Back in the car, Michael asked Clemenza how old he thought that baby-faced Bocchicchio kid was.
“Carmine?” The fat man considered this for a long time. “I’m not so good at this no more. All of a sudden everybody seems like a kid to me.”
“He looked like he was all of fifteen.”
“I hear there ain’t a whole lot of Bocchicchios left,” Clemenza said. “On the other hand, at my age, sometimes you look like you’re only fifteen. No disrespect or nothin’.”
“Of course.” Fifteen. When Michael was fifteen, he’d stood up at the dinner table, looked his father in the eye, and said he’d rather die than grow up to be a man like him. What happened after that still gave Michael chills, all these years later. Without that moment of stupid, boyish pride, Michael wondered, would he himself even be in this business? “I wouldn’t have thought,” Michael said, “that a kid that young would even be allowed to fly here alone.”
“I don’t know about that,” Clemenza said, “but he didn’t fly. He came over on a boat, along with most of the other hostages. In steerage. They still have that on boats? Whatever the cheapest one’s called. I doubt if the Bocchicchios are even paying him. Lot of times, they just send over shoestring relatives who want to come live in America. We’re paying a king’s ransom for this, y’know, but how they spread the wealth? Forget about it.”
Clemenza shook his big, sad head. They crossed the Tappan Zee Bridge and headed north.
“So tell me,” Michael said after a long silence. “What were those rumors you heard about Fredo?”
“What rumors?” Pete said.
Michael stared straight ahead at the road.

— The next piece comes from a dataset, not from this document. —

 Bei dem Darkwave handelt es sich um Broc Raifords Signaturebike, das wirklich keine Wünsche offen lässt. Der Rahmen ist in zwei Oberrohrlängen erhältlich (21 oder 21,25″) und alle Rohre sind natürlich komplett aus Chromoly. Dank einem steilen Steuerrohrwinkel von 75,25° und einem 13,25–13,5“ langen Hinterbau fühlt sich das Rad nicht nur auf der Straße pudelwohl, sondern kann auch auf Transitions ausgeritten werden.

“I told you,” Pete said. “Drinking too much, and the rest of it comes from bad sources.”
Michael took a deep breath. “Did you hear that he’s a homosexual?”
“What’s wrong with you? You think that’s what I heard?”
“The man he beat up in San Francisco was a homosexual.”
“Don’t mean he wasn’t also a robber. A guy can be a robber and a queer both. If everybody who killed a queer turned queer, there’d be a lot of queers out there.”
Fredo’s story was that he’d been out for a walk to clear his head after Molinari’s funeral and stopped for a drink. A kid from the bar followed him to his hotel and later broke into his room to rob him. Fredo beat the kid up and he died. It was a ridiculous story-why, for example, didn’t the kid just rob Fredo on the street? Why wait until it was necessary to pick the lock on the door to Fredo’s room? On top of that, the kid’s parents had recently died and left him almost thirty thousand dollars-no fortune, but why was he robbing anyone? Hagen -acting strictly as a lawyer-had managed to keep the matter out of the newspapers and see to it that no charges were filed, but he’d returned from San Francisco with several matters of concern.